地震保険の創設は54年前の’66年。国家公務員の大学卒初任給が約2万円のころ、地震保険の保険料は年6,000〜5万円(保険金1,000万円あたり・以下同)と高額で、補償対象は全損だけ。よくできた保険とはいえず、浸透していませんでした(損害保険料率算出機構)。

 

それから改訂を重ね、補償の範囲も広がりました。契約件数も阪神・淡路大震災前’94年度の400万件弱から、翌’95年度には約518件。’18年度は約1,901万件でした(日本損害保険協会・以下同)。

 

保険は契約者が増えると保険料は下がります。今の保険料は居住地や建物の構造によりますが、年7,100〜3万8,900円。当初と比べると、かなり手ごろといえます。

 

ただ、最近は地震が巨大化して、保険会社が支払う保険金も、東日本大震災では総額1兆2,833億円と莫大です。また地震が頻発していて、保険料は上昇傾向です。

 

今後30年間に、南海トラフ地震が起きる確率は80%といわれ、保険加入を考える方も多いでしょう。まずは、補償内容などを理解して。

 

というのも地震保険では自宅を再建できるほどの保険金は出ません。
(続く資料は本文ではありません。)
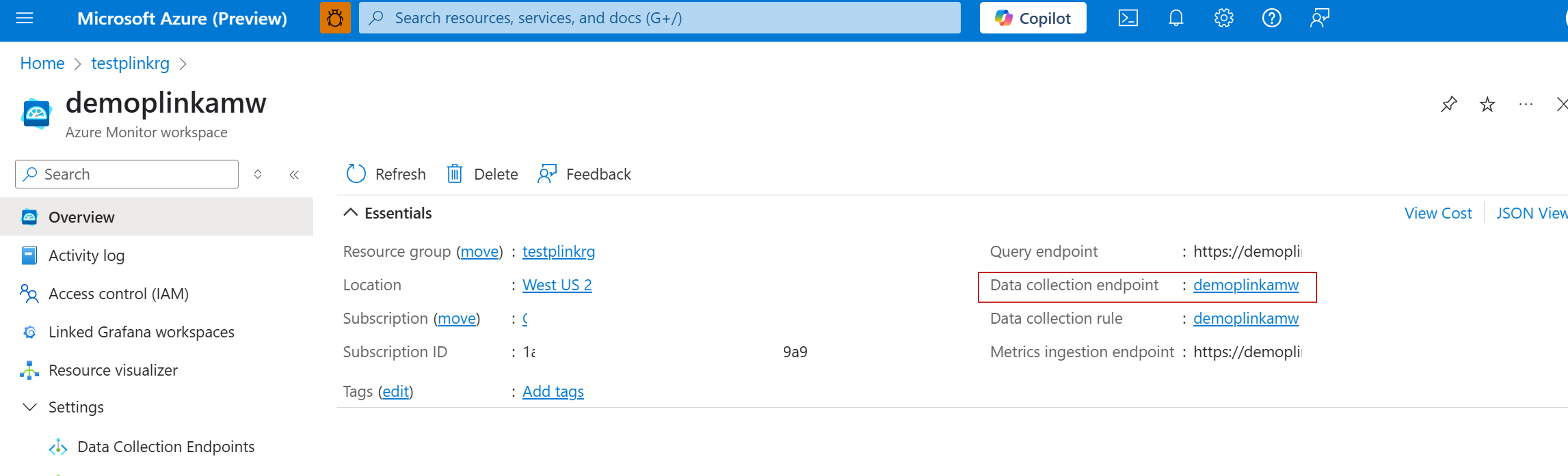 托管的 Prometheus 数据引入的专用链接在存储数据的 Azure Monitor 工作区的数据收集终结点 (DCE) 上配置。 若要标识与 Azure Monitor 工作区关联的 DCE,请在 Azure 门户中从 Azure Monitor 工作区中选择数据收集终结点。

地震保険は火災保険に付帯して加入しますが、保険金額は火災保険の30〜50%に制限されています。火災保険が2,000万円なら、地震保険は最大1,000万円です。

 

さらに、被災し全損と判断されたら保険金は満額支払われますが、全損判定は熊本地震の際の熊本県で、契約者の4.1%とごくわずか。一部損の判定だと保険金額の5%ですから、1,000万円の地震保険でも支払われるのは50万円です。

 

地震保険は、自宅の再建費用ではなく、当座の生活費を補償するものと考えたほうがよいでしょう。地震保険の加入は、払う保険料、被災した時に受け取れる保険金と、わが家の住まいや貯蓄額などを考え合わせて決めてください。

 

たとえば、「被災後の生活費は貯蓄でまかなえるから加入しない」という判断もアリだと思います。

 

賃貸の方が加入するなら、家財だけの補償です。保険料は高い、たとえば東京のマンション住まいで、家財に300万円の地震保険をかけた場合、保険料は年7,500円。大きな負担ではないでしょう。

 

また、持ち家で住宅ローンが終わった方は、地震保険は家の修理費用というより、被災後の生活を支えるものだと考えましょう。

 

悩ましいのは、住宅ローンを返済中の方。被災して万が一家をなくしても、住宅ローンは残るからです。国には一定の資金を手元に残して、できるだけ返済すれば残りのローンを減額・免除してくれる「被災ローンの減免制度」があります。制度の活用も含めて、地震への備えを考えてください。

 

なにより、地震保険に加入するなら続けること。解約後に被災したら、泣くに泣けませんよ。